**What is being asked**
Output, exactly as written, the lines below from the one that has "4.使用化妆品过程中出现红斑" through the one that has "国家统计局4月4日消息,据对"; nothing else, and no pictures.

**Provided material**
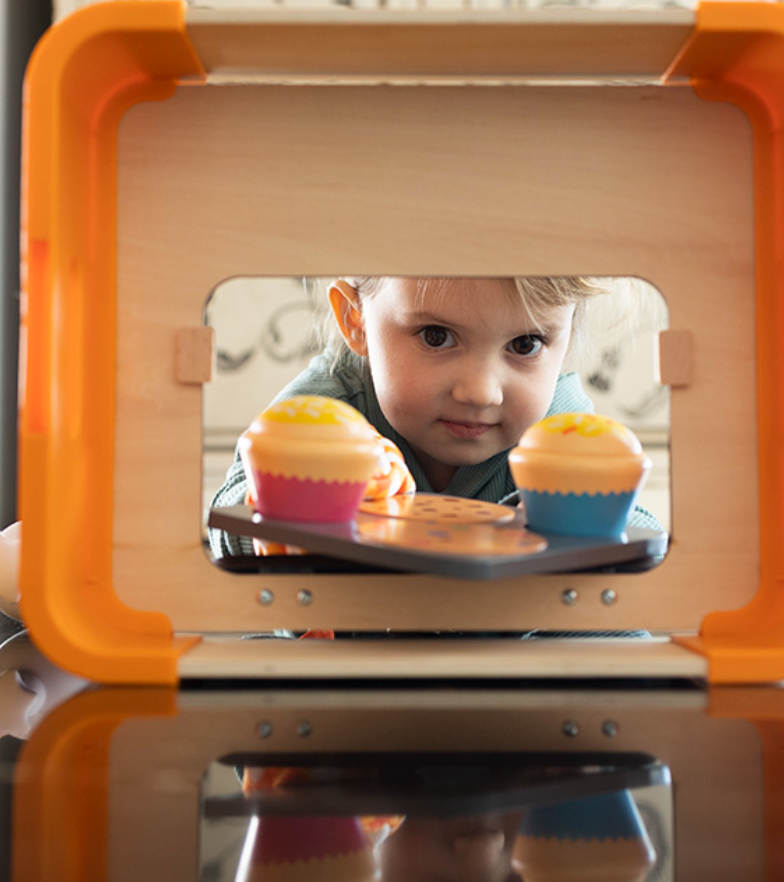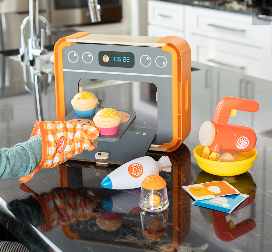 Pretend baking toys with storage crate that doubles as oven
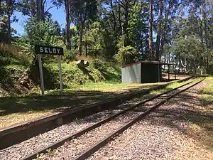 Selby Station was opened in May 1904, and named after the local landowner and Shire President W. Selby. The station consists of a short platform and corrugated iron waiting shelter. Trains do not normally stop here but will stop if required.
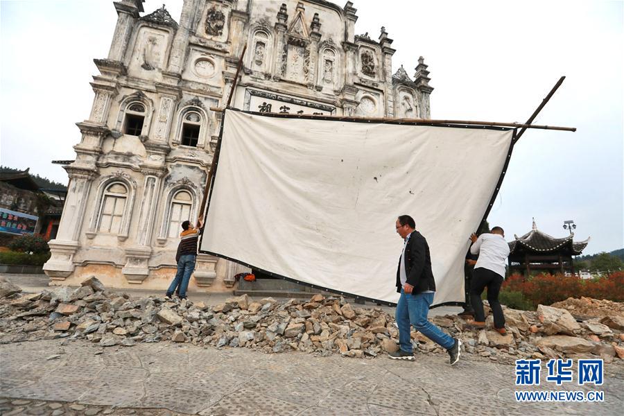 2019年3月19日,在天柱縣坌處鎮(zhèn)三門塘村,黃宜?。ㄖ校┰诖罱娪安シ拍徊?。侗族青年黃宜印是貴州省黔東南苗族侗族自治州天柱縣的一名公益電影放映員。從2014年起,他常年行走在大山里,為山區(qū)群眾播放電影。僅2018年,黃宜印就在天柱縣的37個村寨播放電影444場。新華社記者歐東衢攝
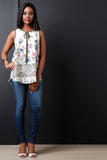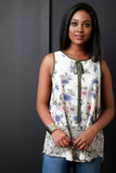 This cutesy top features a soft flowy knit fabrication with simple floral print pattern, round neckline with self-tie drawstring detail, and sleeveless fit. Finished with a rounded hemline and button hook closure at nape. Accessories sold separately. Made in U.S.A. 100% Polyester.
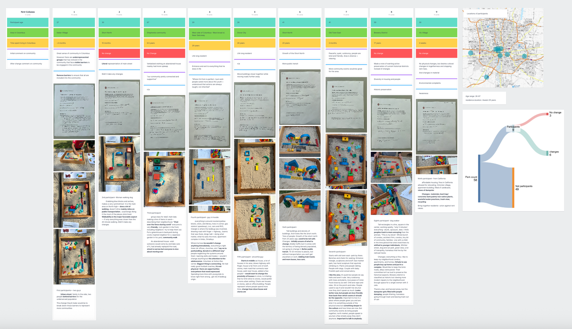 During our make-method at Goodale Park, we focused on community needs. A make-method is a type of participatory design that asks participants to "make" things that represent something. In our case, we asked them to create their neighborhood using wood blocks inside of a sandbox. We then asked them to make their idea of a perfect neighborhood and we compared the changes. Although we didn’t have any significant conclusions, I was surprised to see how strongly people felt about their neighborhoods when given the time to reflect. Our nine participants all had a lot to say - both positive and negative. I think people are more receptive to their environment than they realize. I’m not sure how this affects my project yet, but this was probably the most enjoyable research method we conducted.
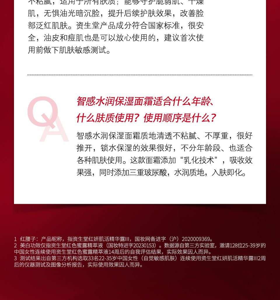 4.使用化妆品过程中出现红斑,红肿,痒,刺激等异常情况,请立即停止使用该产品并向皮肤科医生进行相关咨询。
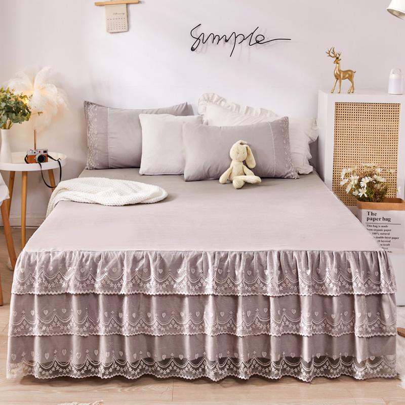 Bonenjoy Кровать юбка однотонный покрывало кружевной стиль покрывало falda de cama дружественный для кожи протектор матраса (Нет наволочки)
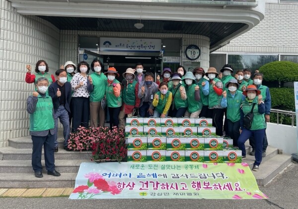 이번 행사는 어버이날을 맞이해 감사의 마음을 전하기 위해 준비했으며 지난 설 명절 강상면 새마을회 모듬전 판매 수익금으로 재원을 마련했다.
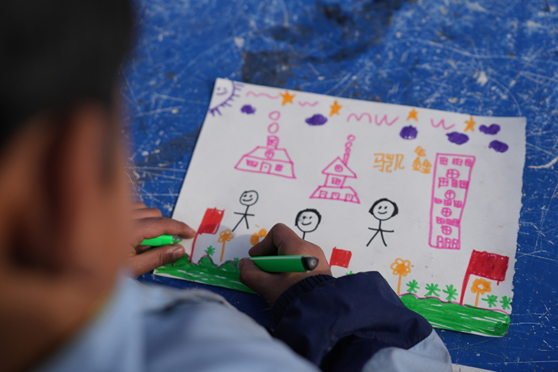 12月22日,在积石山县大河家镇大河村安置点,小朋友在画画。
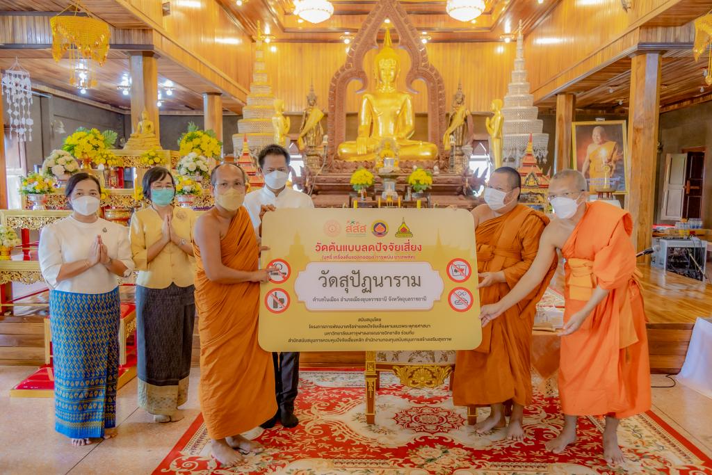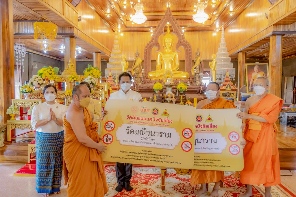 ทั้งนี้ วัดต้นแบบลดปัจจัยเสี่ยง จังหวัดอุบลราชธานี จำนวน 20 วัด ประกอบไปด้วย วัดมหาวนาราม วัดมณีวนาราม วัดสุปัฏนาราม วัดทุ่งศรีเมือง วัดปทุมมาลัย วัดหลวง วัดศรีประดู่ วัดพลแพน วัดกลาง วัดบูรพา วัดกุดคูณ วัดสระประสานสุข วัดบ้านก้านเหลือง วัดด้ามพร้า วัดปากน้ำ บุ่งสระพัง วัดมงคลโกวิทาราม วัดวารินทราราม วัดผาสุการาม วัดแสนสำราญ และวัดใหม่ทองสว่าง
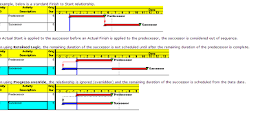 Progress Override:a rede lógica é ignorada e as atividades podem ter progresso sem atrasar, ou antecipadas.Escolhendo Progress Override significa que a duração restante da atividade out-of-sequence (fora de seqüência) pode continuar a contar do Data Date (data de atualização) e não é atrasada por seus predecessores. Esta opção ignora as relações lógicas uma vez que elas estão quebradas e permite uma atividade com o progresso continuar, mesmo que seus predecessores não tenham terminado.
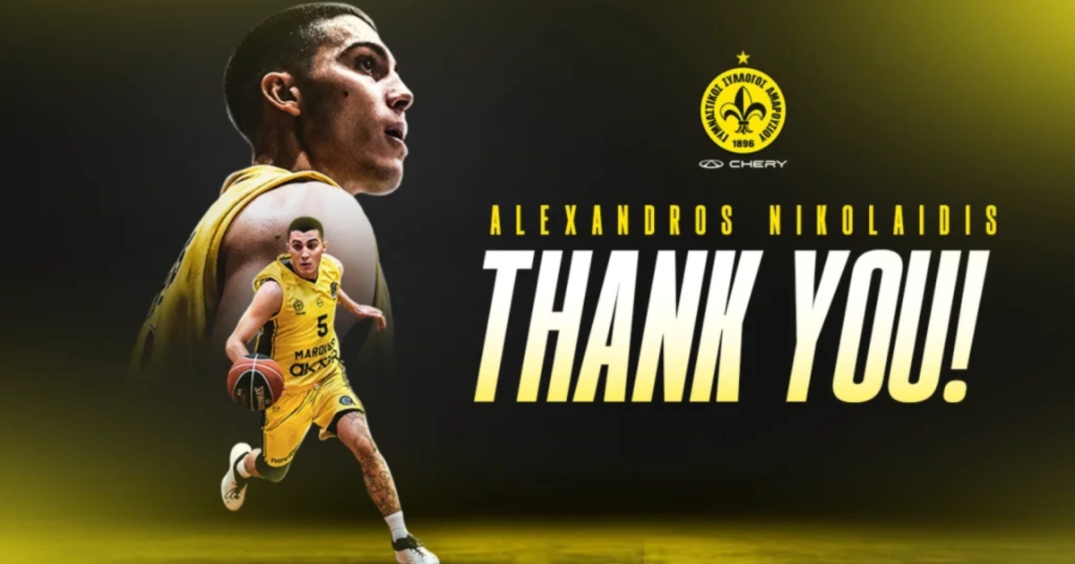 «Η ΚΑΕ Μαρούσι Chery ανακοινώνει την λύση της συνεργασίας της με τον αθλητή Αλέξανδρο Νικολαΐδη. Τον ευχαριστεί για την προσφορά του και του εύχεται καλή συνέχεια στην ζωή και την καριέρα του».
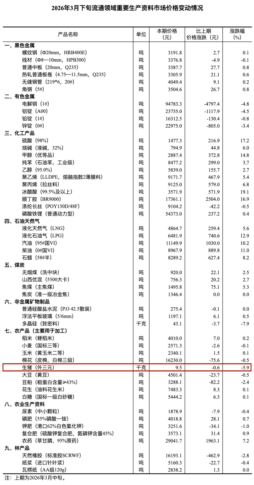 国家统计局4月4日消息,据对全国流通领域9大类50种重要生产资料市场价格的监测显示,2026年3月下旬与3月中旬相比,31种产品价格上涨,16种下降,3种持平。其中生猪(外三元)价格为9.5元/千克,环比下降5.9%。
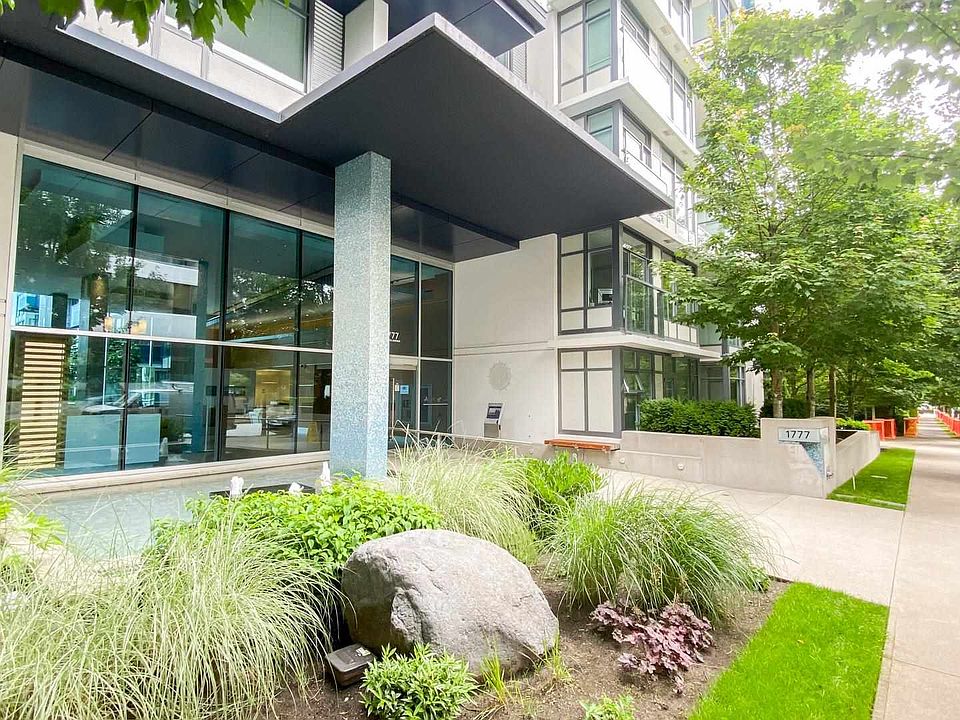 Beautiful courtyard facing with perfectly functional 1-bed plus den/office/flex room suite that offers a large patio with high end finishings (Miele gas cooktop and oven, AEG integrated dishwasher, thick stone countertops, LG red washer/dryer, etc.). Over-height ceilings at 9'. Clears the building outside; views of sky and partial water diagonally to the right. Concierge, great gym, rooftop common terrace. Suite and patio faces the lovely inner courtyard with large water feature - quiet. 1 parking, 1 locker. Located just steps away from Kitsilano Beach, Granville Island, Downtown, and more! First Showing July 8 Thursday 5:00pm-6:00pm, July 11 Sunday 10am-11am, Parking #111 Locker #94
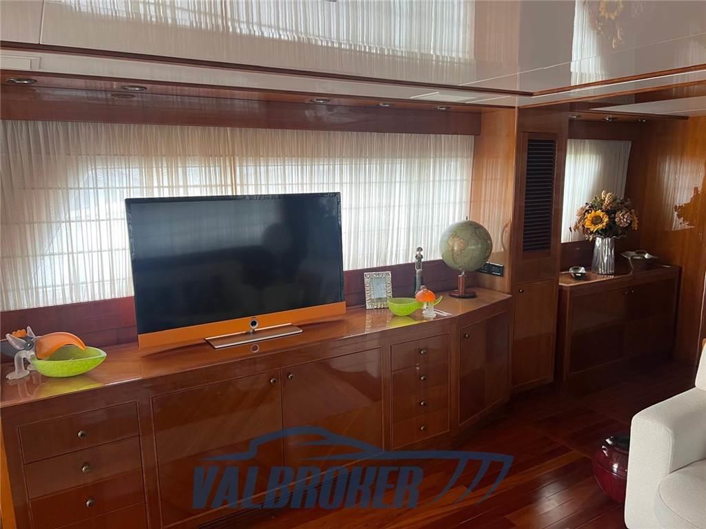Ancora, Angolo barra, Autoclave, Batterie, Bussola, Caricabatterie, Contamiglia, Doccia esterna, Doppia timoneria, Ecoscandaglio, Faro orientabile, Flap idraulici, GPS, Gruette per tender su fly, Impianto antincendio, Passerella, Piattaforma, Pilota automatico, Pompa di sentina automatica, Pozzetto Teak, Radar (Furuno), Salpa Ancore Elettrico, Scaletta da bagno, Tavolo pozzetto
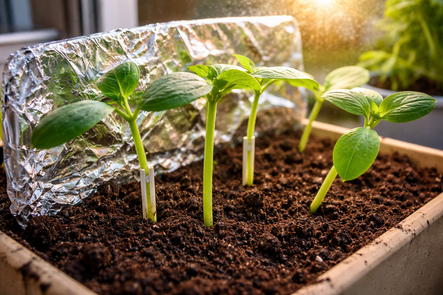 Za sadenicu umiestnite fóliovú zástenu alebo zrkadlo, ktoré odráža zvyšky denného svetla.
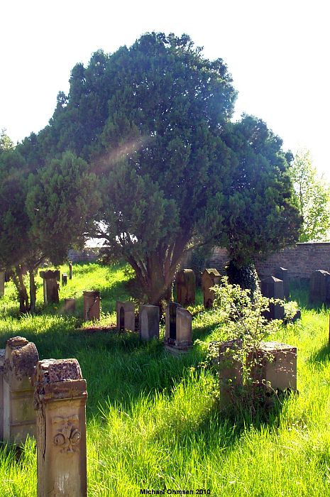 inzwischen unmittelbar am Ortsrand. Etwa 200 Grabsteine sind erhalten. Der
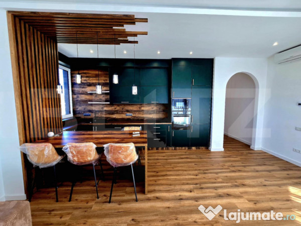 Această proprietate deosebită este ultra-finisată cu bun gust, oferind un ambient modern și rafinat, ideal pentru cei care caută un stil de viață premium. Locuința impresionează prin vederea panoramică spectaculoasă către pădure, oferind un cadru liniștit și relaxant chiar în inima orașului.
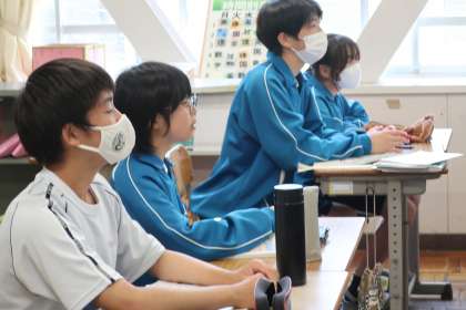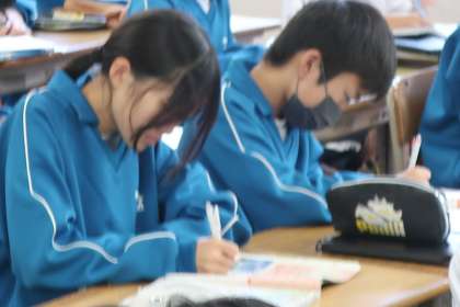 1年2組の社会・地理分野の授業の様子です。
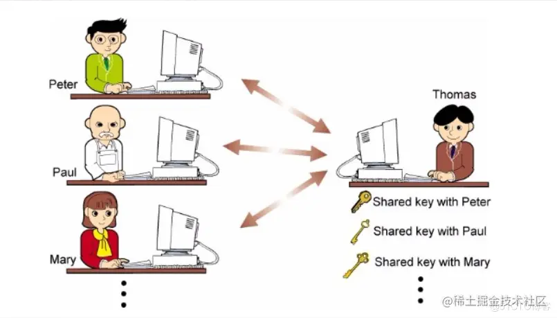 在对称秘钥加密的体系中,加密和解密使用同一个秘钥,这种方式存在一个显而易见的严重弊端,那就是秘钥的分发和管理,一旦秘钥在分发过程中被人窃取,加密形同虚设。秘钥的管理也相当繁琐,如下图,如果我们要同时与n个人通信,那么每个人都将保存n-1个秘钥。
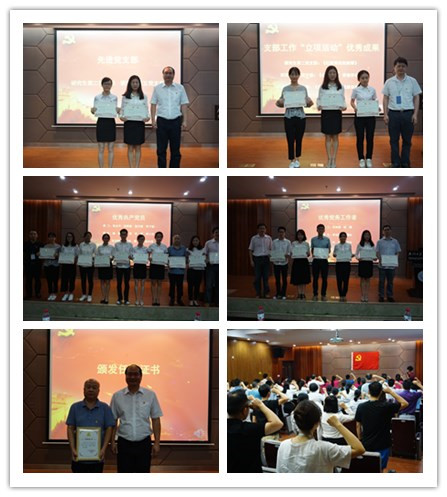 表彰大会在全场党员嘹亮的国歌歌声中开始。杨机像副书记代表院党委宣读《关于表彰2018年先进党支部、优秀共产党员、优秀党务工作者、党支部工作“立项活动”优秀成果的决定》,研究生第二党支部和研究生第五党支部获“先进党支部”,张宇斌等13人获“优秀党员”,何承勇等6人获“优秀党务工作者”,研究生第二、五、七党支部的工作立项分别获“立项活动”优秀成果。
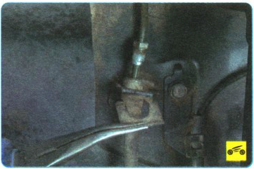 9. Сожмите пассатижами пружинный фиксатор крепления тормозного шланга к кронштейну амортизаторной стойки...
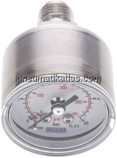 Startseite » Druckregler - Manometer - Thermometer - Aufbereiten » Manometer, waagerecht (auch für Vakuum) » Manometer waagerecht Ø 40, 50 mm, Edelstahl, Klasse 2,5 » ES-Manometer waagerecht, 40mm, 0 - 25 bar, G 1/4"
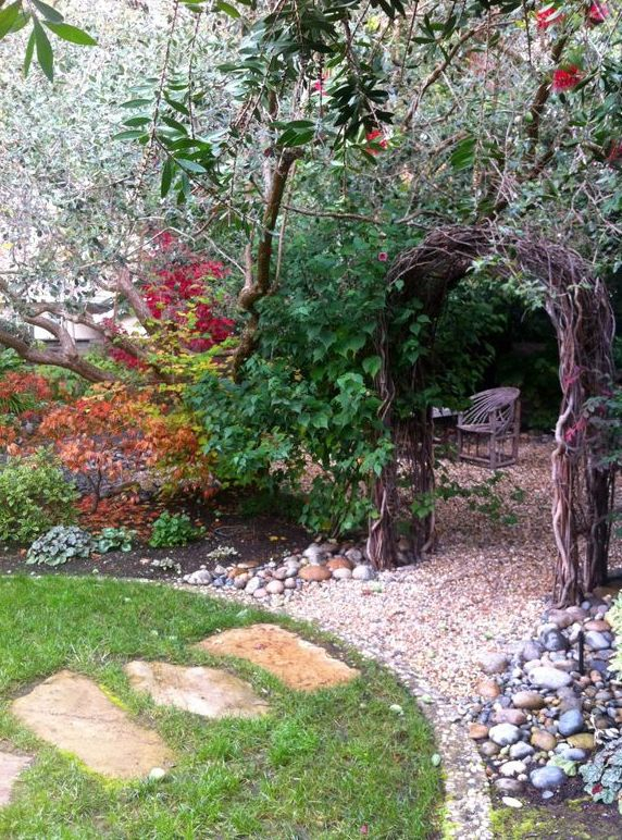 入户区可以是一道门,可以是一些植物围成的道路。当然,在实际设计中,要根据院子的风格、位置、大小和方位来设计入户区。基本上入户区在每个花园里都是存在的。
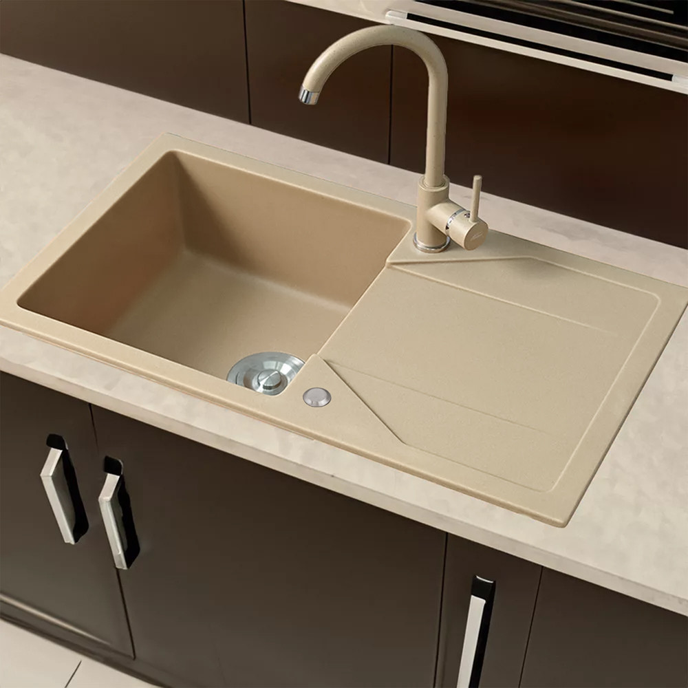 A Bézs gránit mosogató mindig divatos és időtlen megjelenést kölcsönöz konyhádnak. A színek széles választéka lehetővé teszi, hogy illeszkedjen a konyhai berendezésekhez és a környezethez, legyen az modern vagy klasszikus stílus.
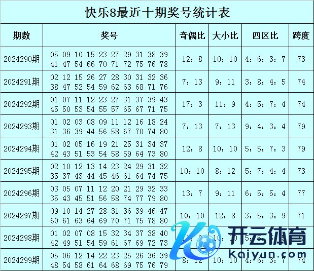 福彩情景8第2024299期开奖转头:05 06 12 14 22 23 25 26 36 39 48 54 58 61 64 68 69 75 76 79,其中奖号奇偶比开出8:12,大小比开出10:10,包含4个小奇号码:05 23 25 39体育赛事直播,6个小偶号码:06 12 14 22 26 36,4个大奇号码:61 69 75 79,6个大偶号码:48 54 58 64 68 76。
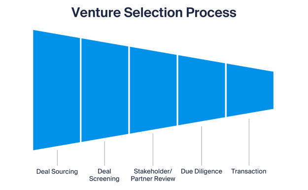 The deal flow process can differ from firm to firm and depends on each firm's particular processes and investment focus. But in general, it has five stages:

**Expected answer**
 4.使用化妆品过程中出现红斑,红肿,痒,刺激等异常情况,请立即停止使用该产品并向皮肤科医生进行相关咨询。
 Bonenjoy Кровать юбка однотонный покрывало кружевной стиль покрывало falda de cama дружественный для кожи протектор матраса (Нет наволочки)
 이번 행사는 어버이날을 맞이해 감사의 마음을 전하기 위해 준비했으며 지난 설 명절 강상면 새마을회 모듬전 판매 수익금으로 재원을 마련했다.
 12月22日,在积石山县大河家镇大河村安置点,小朋友在画画。
 ทั้งนี้ วัดต้นแบบลดปัจจัยเสี่ยง จังหวัดอุบลราชธานี จำนวน 20 วัด ประกอบไปด้วย วัดมหาวนาราม วัดมณีวนาราม วัดสุปัฏนาราม วัดทุ่งศรีเมือง วัดปทุมมาลัย วัดหลวง วัดศรีประดู่ วัดพลแพน วัดกลาง วัดบูรพา วัดกุดคูณ วัดสระประสานสุข วัดบ้านก้านเหลือง วัดด้ามพร้า วัดปากน้ำ บุ่งสระพัง วัดมงคลโกวิทาราม วัดวารินทราราม วัดผาสุการาม วัดแสนสำราญ และวัดใหม่ทองสว่าง
 Progress Override:a rede lógica é ignorada e as atividades podem ter progresso sem atrasar, ou antecipadas.Escolhendo Progress Override significa que a duração restante da atividade out-of-sequence (fora de seqüência) pode continuar a contar do Data Date (data de atualização) e não é atrasada por seus predecessores. Esta opção ignora as relações lógicas uma vez que elas estão quebradas e permite uma atividade com o progresso continuar, mesmo que seus predecessores não tenham terminado.
 «Η ΚΑΕ Μαρούσι Chery ανακοινώνει την λύση της συνεργασίας της με τον αθλητή Αλέξανδρο Νικολαΐδη. Τον ευχαριστεί για την προσφορά του και του εύχεται καλή συνέχεια στην ζωή και την καριέρα του».
 国家统计局4月4日消息,据对全国流通领域9大类50种重要生产资料市场价格的监测显示,2026年3月下旬与3月中旬相比,31种产品价格上涨,16种下降,3种持平。其中生猪(外三元)价格为9.5元/千克,环比下降5.9%。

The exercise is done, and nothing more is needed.